Earlier this offseason, former 95.7 The Game radio personality John Middlekauf referred to Oakland Raiders wide receiver Amari Cooper as a low key diva. While I completely disagree with the idea that Cooper is a diva, as I continue to try and figure out why he falls off late in the year, this tweet keeps popping into my head.

What if, Cooper isn’t a diva but suffers from a diva trait? What if Cooper has a hard time staying focused in games when he is not heavily involved in the game plan?

He doesn’t complain or throw fits so he’s not a diva even if that is true. Whether it’s maturity or just getting used to a situation where he isn’t the entire focus like he was at Alabama, it’s not like the problem with Cooper is ego.

But nonetheless, the problem could stem from a trait common among diva receivers: the need to have the ball a lot.

In each of his two years in the NFL, Amari Cooper has faded late in the year. In 2015, one could assume it was the rookie wall. But after a repeat in 2016, one has to wonder if there is more to it than that. I mean, it’s not like Cooper is in bad shape.

If you look at his stats, in both 2015 and 2016, Cooper saw a big drop off in targets during the second half of the season:

2015 First 8 Games: 72 targets

2015 Second 8 Games: 58 targets

2016 First 8 Games: 80 targets

2016 Second 8 Games: 52 targets

The problem is, analyzing these stats can be rather difficult thanks to the chicken/egg quandary.

Greg Papa, the play by play guy for the Raiders and co-host of the noon talk show on 95.7 The Game has said on his show that he’s seen what appears to be a lack of effort and poor route running from Cooper late in the season. The question is, does Cooper see less targets because his routes become worse as the year goes on? Or do his routes become worse because he gets less targets as the year goes on?

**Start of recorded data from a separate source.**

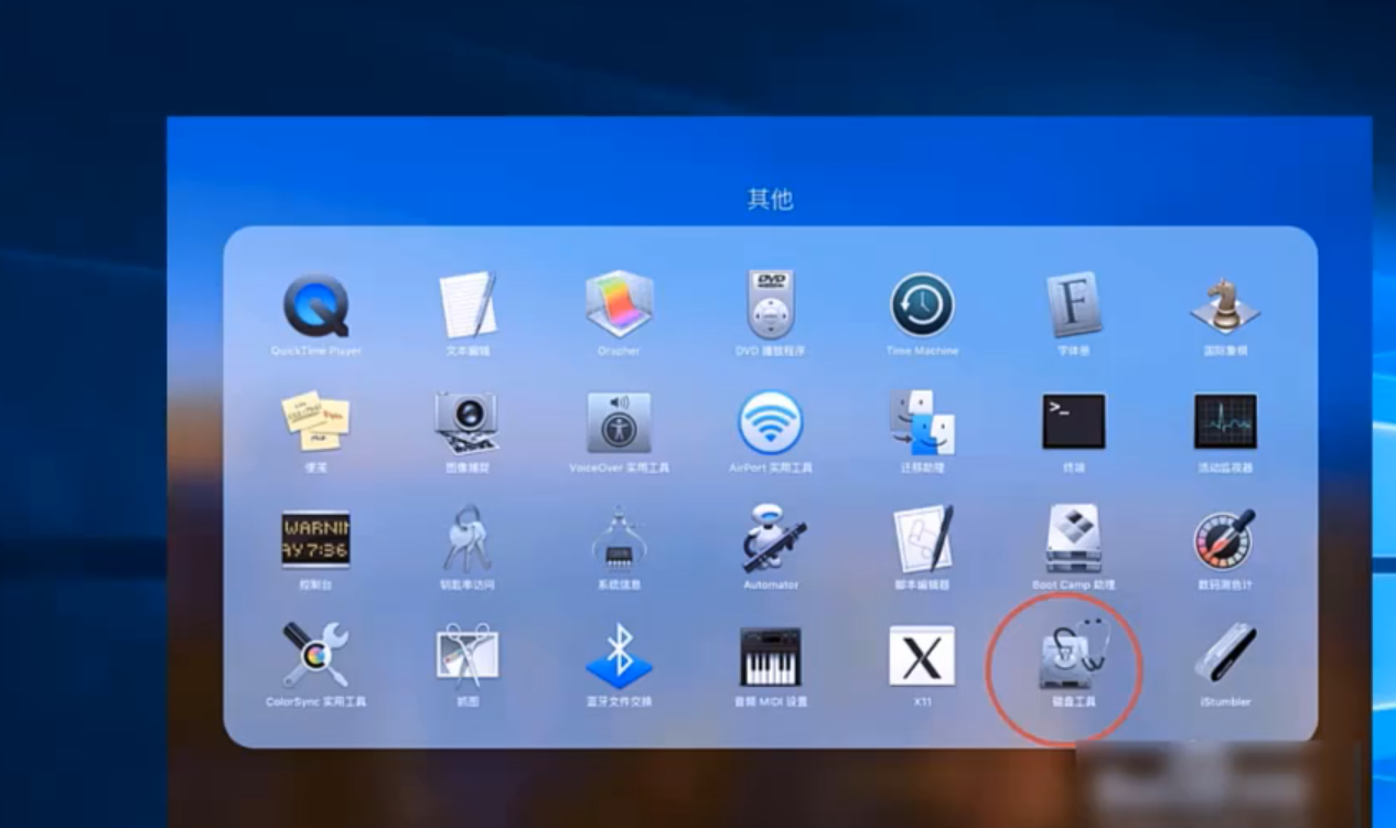 3.在应用菜单中点击“磁盘工具”,点击“外置”下方的第一项。
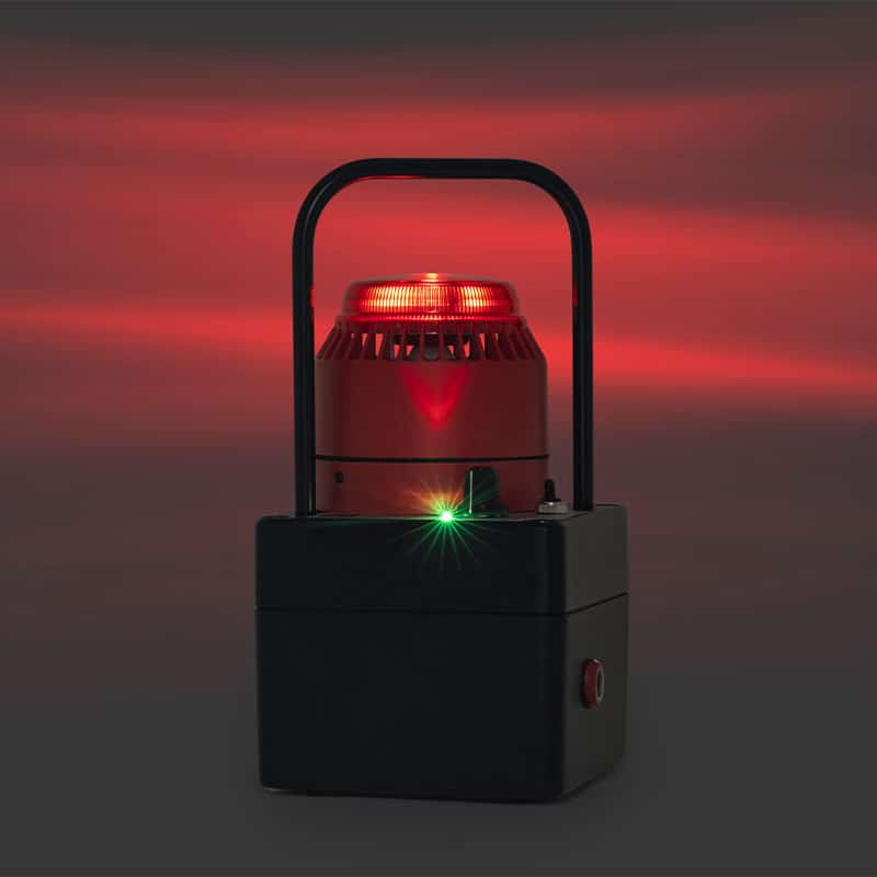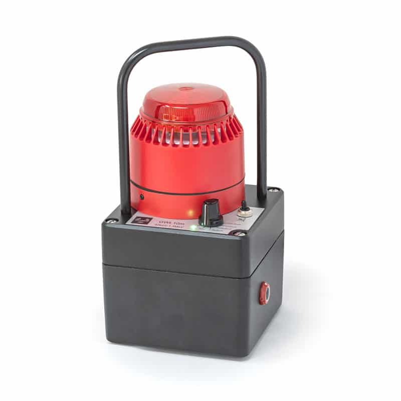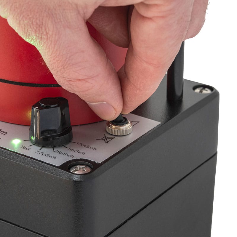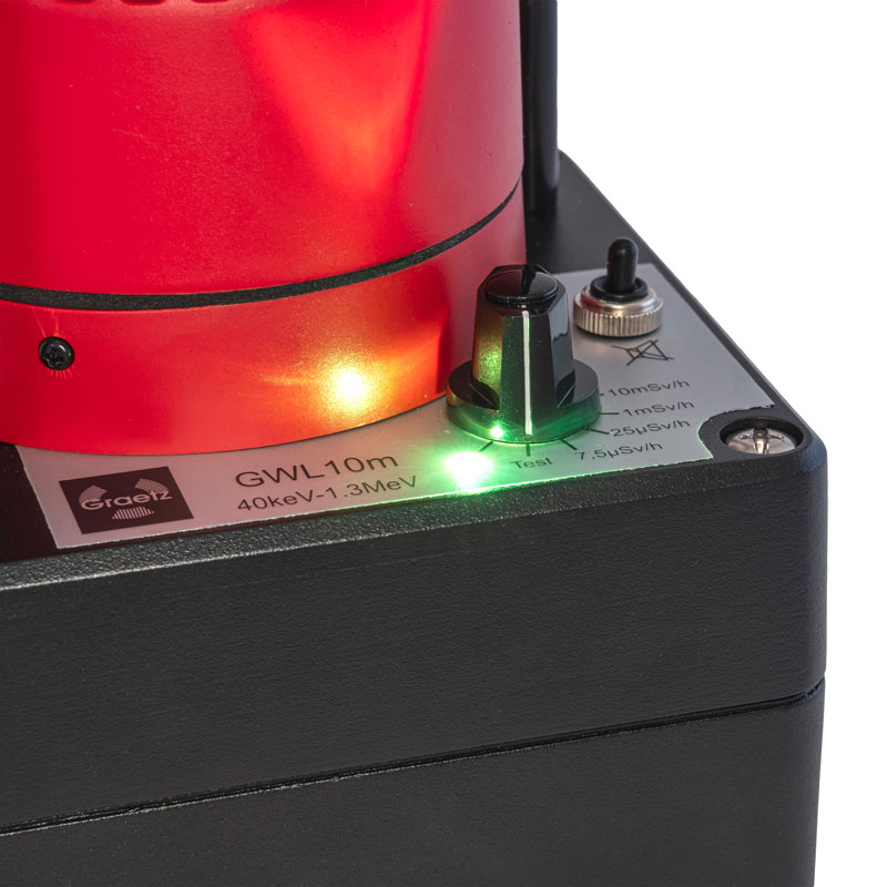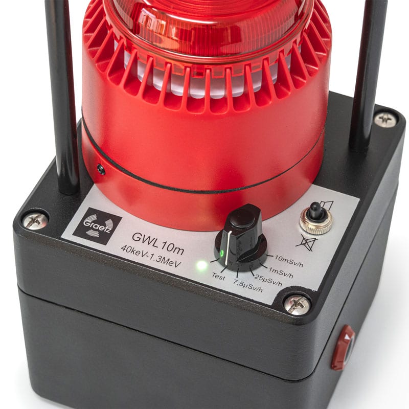 Die akkubetriebene Gammastrahlungswarnleuchte GRAETZ GWL 10m wird zur Ermittlung von Absperrbereichen und zur Raumüberwachung eingesetzt. Das Überschreiten einer der vier einstellbaren Warnschwellen wird optisch mit einem roten Blitzlicht und akustisch mit einem sehr lauten Alarmton quittiert. Die Gammastrahlungswarnleuchte GRAETZ GWL10m ist mit einem optionalen Bewegungsmelder erhältlich, der bei Annäherung einer Person an den Gefahrenbereich den akustischen Alarm auslöst.
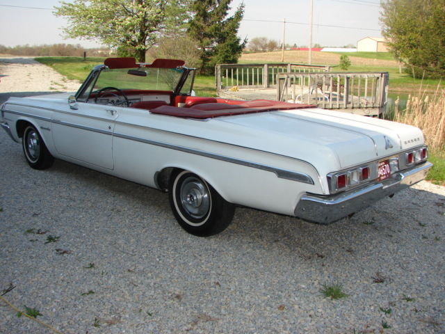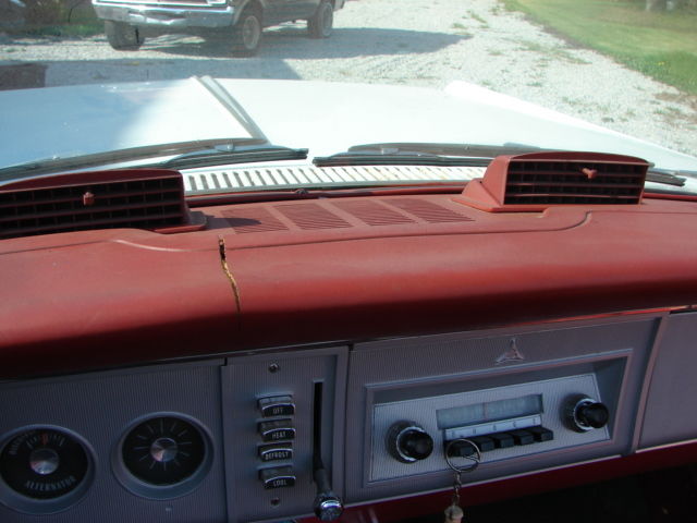 | Up for sale is a very nice solid rust free 1964 Polara 500 White with red Interior sweet running 318 wide block 2 bbl carb A/t. A/c. /s . P/b. this car is a sweet Car i bought it a yr ago too take my mom cruising around some and to use it as a reference for putting together another 64 polara Conv with a 426 Max Wedge Purchased in San Antonio Tx off the 2nd owner he owned since 1984 who purchased it from orig owner car was sold in Denver Co. Jack White Dodge there is a history report that will go with car along with certicard and all orig paperwork last owner said he roughly put 2. 00 miles on car since 1984 the car has been painted prior to 84 believe it's laquer paint there is some light checking and Interior appears to been reupholstered at some point again prior to 1984 . This car is as solid as you will find out there. car is very presentable i've driven in on trips 1-1/2 hrs away it just purrs down the highway it has drum brakes all around tires are poly good cond It has some leaks under neath Trans shifts perfect Chrome and stainless is very nice cowl is perfect Dual exhaust as factory did (not Loud) you can steer this car with 1 Finger !!! brakes are good Top goes up and down as it should and retracts great at one time it had an alarm system on it The paint has some minor chips . lakes . tc The trunk is dressed with carpet trunk pan solid and good No rust in this car id be happy to take any other pics needed !!! Car is not restored nor is it perfect but if you want a nice one to cruise around or restore this is it ! I can deliver if in a reasonable distance or deliver to Mopar shows or Have a good trucking company that can deliver very nice and reputable guy. Car is sold as is where is come check it out if you wish check my feed back! Thanks for looking Dan 765-465-7663. |
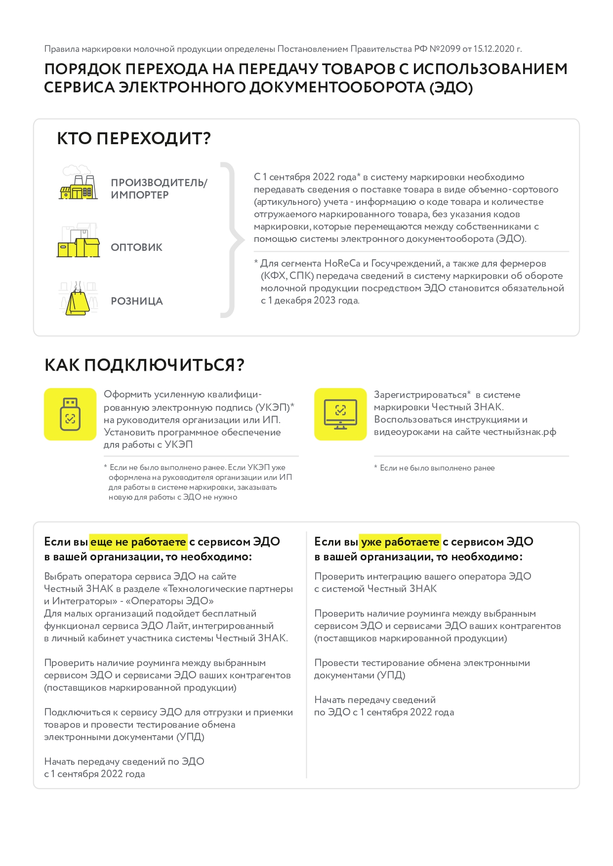 * Для сегмента HoReCa и Госучреждений, а также для фермеров (КФХ, СПК) передача сведений в систему маркировки об обороте молочной продукции посредством ЭДО становится обязательной c 1 декабря 2023 года.

It’s not easy to tell what the issue is or if the issue is even related to targets but looking at the targets Cooper gets in the first eight games vs. the second eight games of the past two seasons one thing comes to mind: The Raiders should really do their best to target Cooper a lot. Regardless of the reason for fewer targets later in the season, targeting their best wideout more often should only help Oakland.